Dataset extract ->
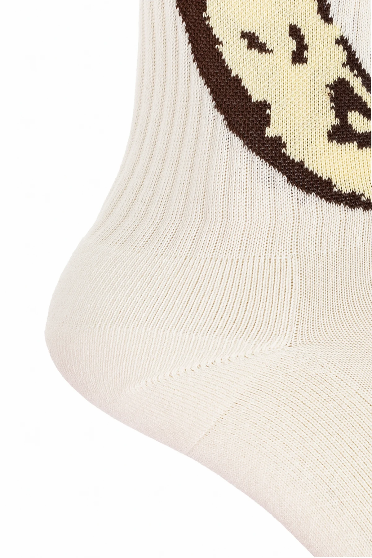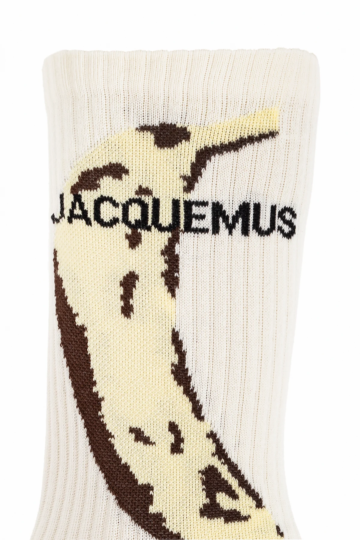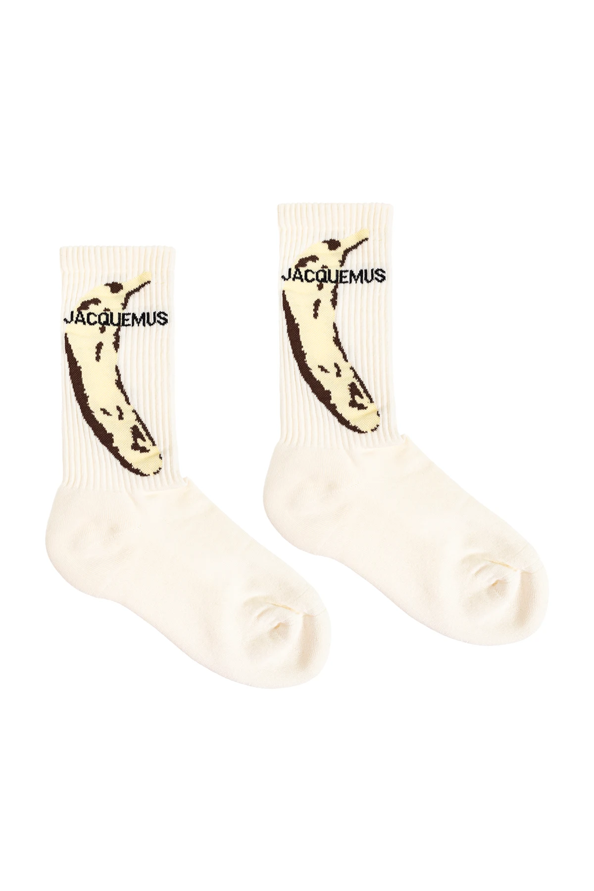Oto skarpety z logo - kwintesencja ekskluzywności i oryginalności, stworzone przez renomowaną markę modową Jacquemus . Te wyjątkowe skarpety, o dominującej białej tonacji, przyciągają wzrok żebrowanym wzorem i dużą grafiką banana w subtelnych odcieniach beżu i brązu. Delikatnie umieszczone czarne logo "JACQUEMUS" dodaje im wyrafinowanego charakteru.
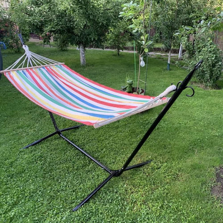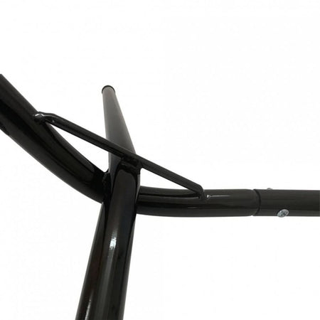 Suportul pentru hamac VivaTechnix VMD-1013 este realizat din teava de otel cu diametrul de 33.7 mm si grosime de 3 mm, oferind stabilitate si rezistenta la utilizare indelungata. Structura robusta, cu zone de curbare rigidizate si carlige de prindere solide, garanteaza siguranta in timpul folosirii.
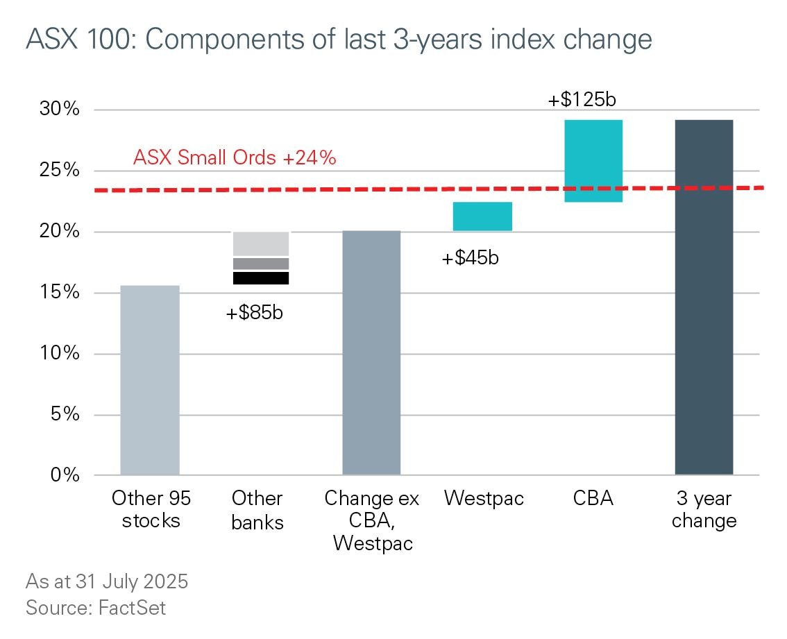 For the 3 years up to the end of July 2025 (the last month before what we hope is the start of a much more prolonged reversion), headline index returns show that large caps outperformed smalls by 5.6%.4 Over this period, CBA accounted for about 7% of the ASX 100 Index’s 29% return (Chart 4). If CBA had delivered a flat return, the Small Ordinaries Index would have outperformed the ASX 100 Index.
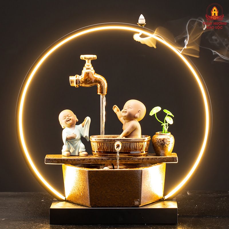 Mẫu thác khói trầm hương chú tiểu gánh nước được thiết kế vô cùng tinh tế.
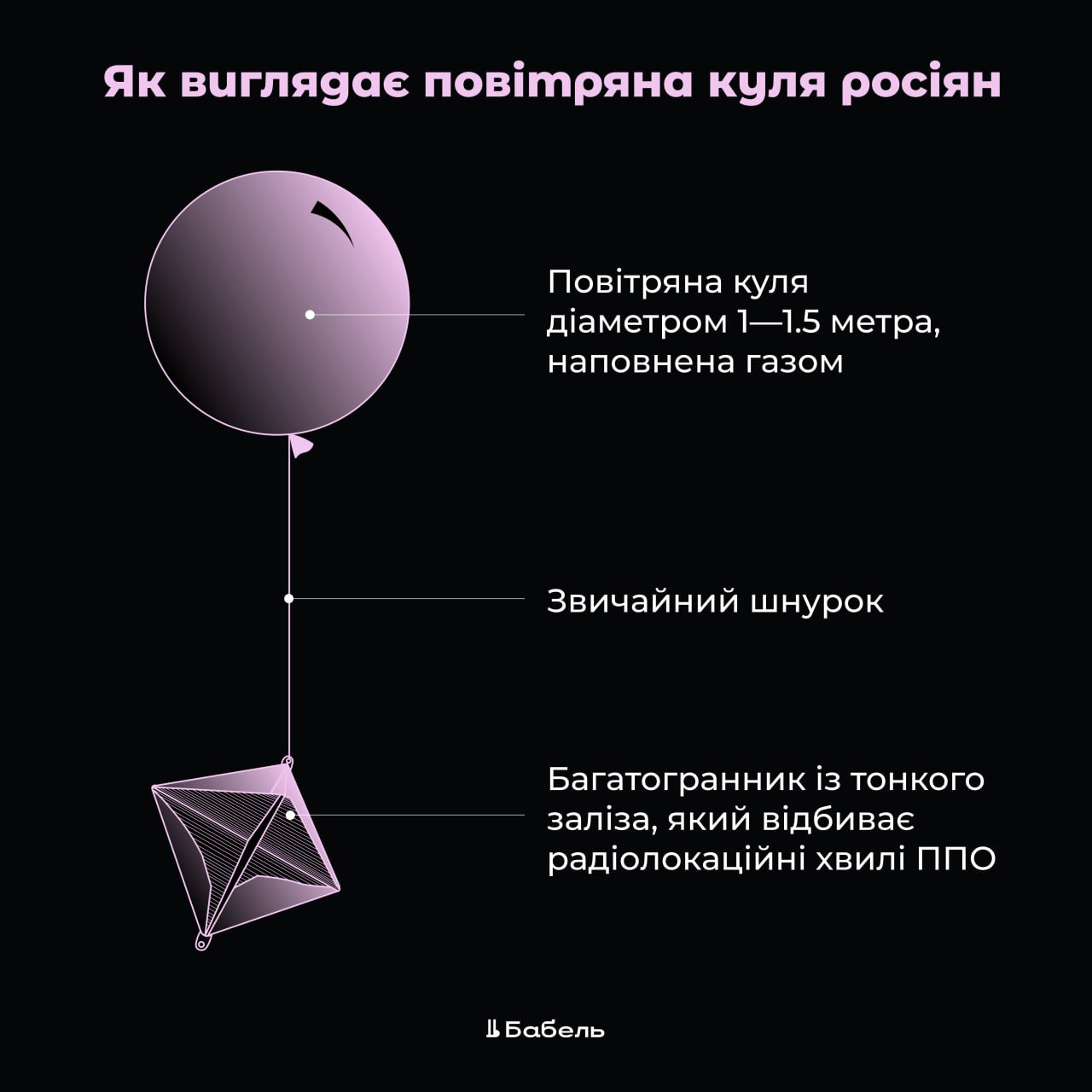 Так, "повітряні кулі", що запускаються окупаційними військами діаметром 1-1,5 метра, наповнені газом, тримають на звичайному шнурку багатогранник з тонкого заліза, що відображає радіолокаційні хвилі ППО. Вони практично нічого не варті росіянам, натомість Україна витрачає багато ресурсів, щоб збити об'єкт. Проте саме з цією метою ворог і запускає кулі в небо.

Task -> With the pictures left out, give again exactly the lines from the one with "For the 3 years" through the end of the data, both included.

Answer for this exercise ->
 For the 3 years up to the end of July 2025 (the last month before what we hope is the start of a much more prolonged reversion), headline index returns show that large caps outperformed smalls by 5.6%.4 Over this period, CBA accounted for about 7% of the ASX 100 Index’s 29% return (Chart 4). If CBA had delivered a flat return, the Small Ordinaries Index would have outperformed the ASX 100 Index.
 Mẫu thác khói trầm hương chú tiểu gánh nước được thiết kế vô cùng tinh tế.
 Так, "повітряні кулі", що запускаються окупаційними військами діаметром 1-1,5 метра, наповнені газом, тримають на звичайному шнурку багатогранник з тонкого заліза, що відображає радіолокаційні хвилі ППО. Вони практично нічого не варті росіянам, натомість Україна витрачає багато ресурсів, щоб збити об'єкт. Проте саме з цією метою ворог і запускає кулі в небо.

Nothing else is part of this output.